Don’t get me wrong. There was still much of this conference for which to be thankful. MASC premiered its elementary parent/teacher guide “Being All of Me” that went flying off our table before the Hapa Japan Concert. Raising money was great, but even more exciting was the excitement people had to have a resource like this available. Kudos goes to Farzana Nayani, the guide author and past MASC President, for her talent and foresight to create such a thing. The next conference in March of 2018 at the University of Maryland is already shaping up to be momentous and given recent events that have happened on campus, this is an event that can’t come soon enough.

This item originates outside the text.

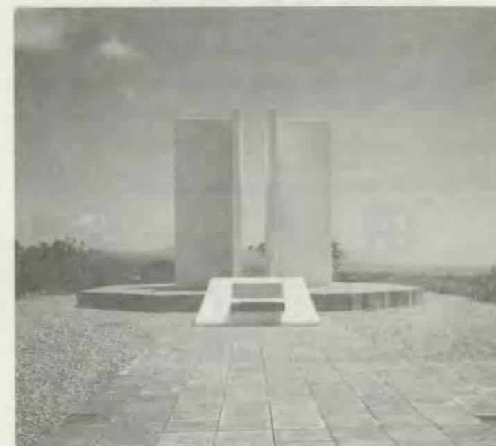
JAPANESE MEMORIAL MOUNT AUSTEN GUADALCANAL

The closing night screening of Mixed Match by Jeff Chiba-Stearns was a bittersweet moment. Not only was the film very touching, but it was six years in the making and I’m going to miss not seeing Jeff at so many events hovering around with his camera. For several years MASC has been the fiscal sponsor for Mixed Marrow, Athena Asklipiadis’s brainchild and major subject of the film. I have come to accept Mixed Marrow as more than just another program of MASC but rather a mission to save lives. There were so many good memories crammed into that weekend I can’t easily dump them all here. I already miss seeing all these people whose lives I usually only get to catch in glimpses on Facebook. However, this conference still served its primary purpose in my life: to recharge my batteries and inspire me to keep doing what I do every day, moving the multiracial movement further along. Thank you to everyone involved and thank you Critical Mixed Race Studies.
Thomas has been a member of MASC for over fifteen years and is a past president of the organization. He has made numerous television, print, and on-line media appearances and speaking engagements as a keynote and panelist. As a long-time board member he has also organized conferences, a mini-film festival, and diversity training workshops. Apart from MASC, Thomas is a mechanical engineer having worked in multiple industries the most recent being medical devices. He was born and raised in Southern California with parents from Mexican American and German-Polish roots.